Print only what runs from the line that includes "- USB rechargeable" to the end of the listing, word for word, and do not include any pictures.

=== Data segment ===

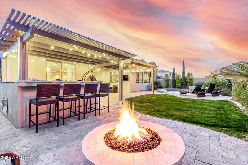 Listing details for 4455 Matter --, Mesa, AZ 85212 : It's PERFECT! From the moment you walk through the gorgeous custom iron front door you are greeted with upgraded flooring, lighting, and high-end wood shutters throughout and it doesn't stop there! The kitchen is one you normally see if custom homes with extensive cabinet upgrades, butlers pantry, 48 inch GE Monogram professional range & built in ovens & refrigerator!! In the primary bath experience luxury in the tile super shower with frameless glass and upgraded fixtures. The list of upgrades in the backyard goes on and on from the travertine decking, patio TV, aluminum pergola, built in kitchen, gas fire pit, and heated pool & spa! Solar panels & Tesla power wall & car charger make this home comfortable & efficient! Combined w/ the sunset views and convenience of Eastmark, you're home!
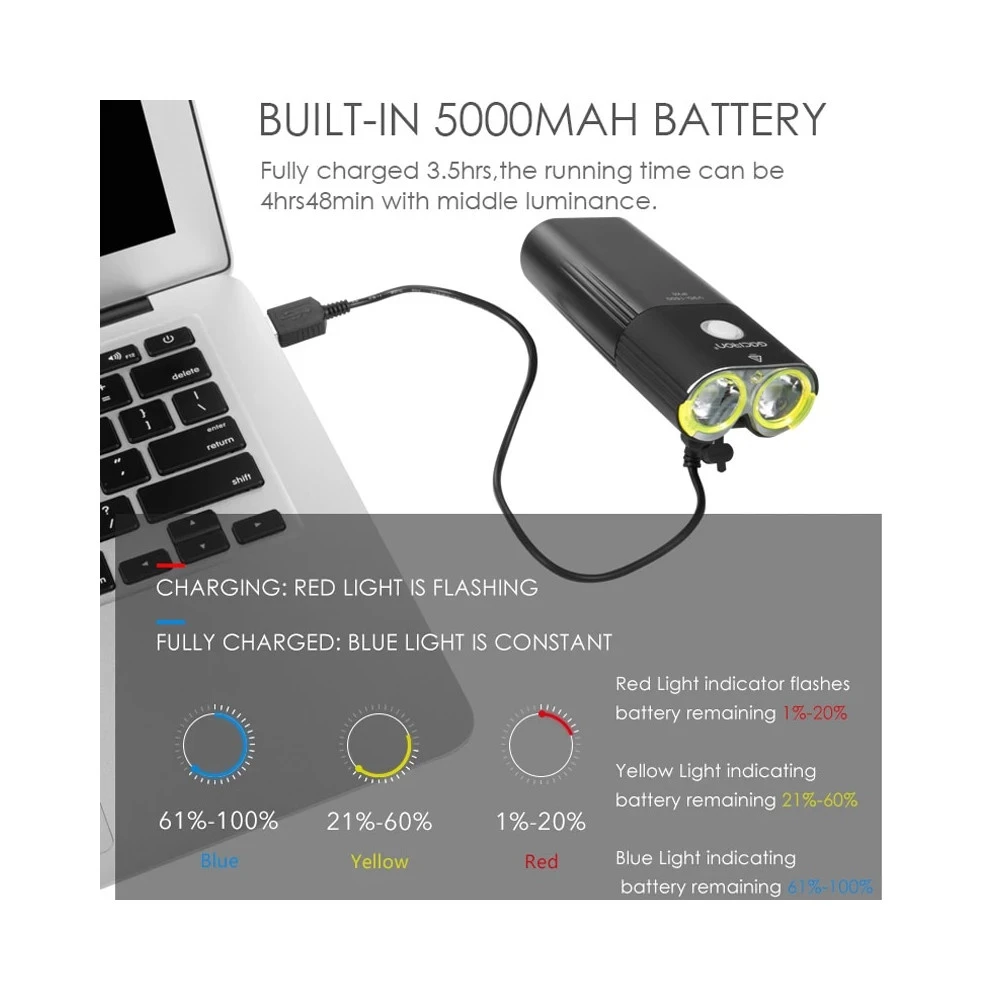 - USB rechargeable built-in battery 5000mAh (2x 18650 2500mAh)
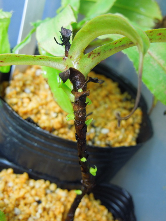 多分、主成分の砂糖水がきいているんだと思うが、頂芽が駄目になったネペンでも枯れることも無く新芽が大量に出てきた、これは驚きである。

===

■ Solved exercise
 - USB rechargeable built-in battery 5000mAh (2x 18650 2500mAh)
 多分、主成分の砂糖水がきいているんだと思うが、頂芽が駄目になったネペンでも枯れることも無く新芽が大量に出てきた、これは驚きである。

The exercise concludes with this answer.